What does it mean for the O's if Yoon never reports? They get out of paying him a little over $4 million remaining on his contract, for one. A player who does not report gets placed on the restricted list and does not get paid. That's real money. Encina and other O's writers reported that the two sides are working on an arrangement that would release Yoon from his contract. Maybe that will be finalized. You never know with this stuff.
Of the Yoon situation, O's manager Buck Showalter said, "He's going to be fine. We wish him well." He also said, "Pitch better." Yoon had a 5.74 ERA in 23 games, 18 starts, for the Norfolk Tides last season. That would get you into the Orioles rotation last decade, but not this one.
The time prior to Yoon that the O's tried to sign a player out of South Korea, that player was 17-year-old Seong-min Kim, who turned out to quite literally not be what the Orioles first said he was, in the sense that he was both shorter and pitching with a much different arsenal than they described. Also, they did not follow the correct procedure in trying to sign him and for a time their scouts were banned from South Korean baseball games.

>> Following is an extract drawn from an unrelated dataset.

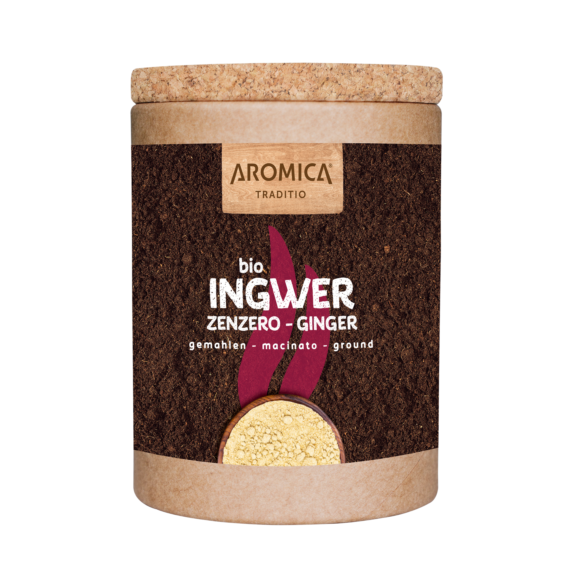 AROMICA® Bio Ingwer gemahlen ist perfekt zum Würzen und Verfeinern von Hauptspeisen, Beilagen, Gemüsegerichten und Desserts, verleiht jedem Gericht eine warme, würzige Note.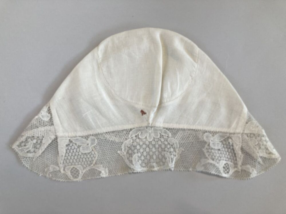 Witte ondermuts van linnen met kloskanten rand, met ...

There was also Tsuyoshi Wada, a Japanese pitcher they signed to a two-year contract worth about $8 million. The organization made such a big deal of this that they had a televised press conference on MASN to introduce him, with a translator and everything. Wada needed Tommy John surgery and never ended up pitching in Baltimore before they let him go at the end of the contract.
Because life's like that, Wada went over to the Cubs and started 13 games at the MLB level last year, pitching 69.1 innings with a 3.25 ERA. It's enough to make you wonder what the O's did wrong that they were never able to make that work. On the other hand, maybe this is one of those things where the league difference can explain a lot of it. National League lineups are weaker and not only because of the pitchers.
The O's have had their success getting pitchers from that market. Wei-Yin Chen has been a mainstay of the rotation for three seasons and figures to be again this year. The team will end up paying him a little more than $15 million for those four years. He has a 3.86 ERA in 515.1 MLB innings.
Even if you add in the monetary cost of the signings that didn't work out, the O's have still probably come out ahead just from Chen succeeding. It just feels worse because the ones that didn't work out ended up not working out in very strange ways. Hopefully Duquette's next foray into a player from one of the Asian professional leagues works out better than the last one.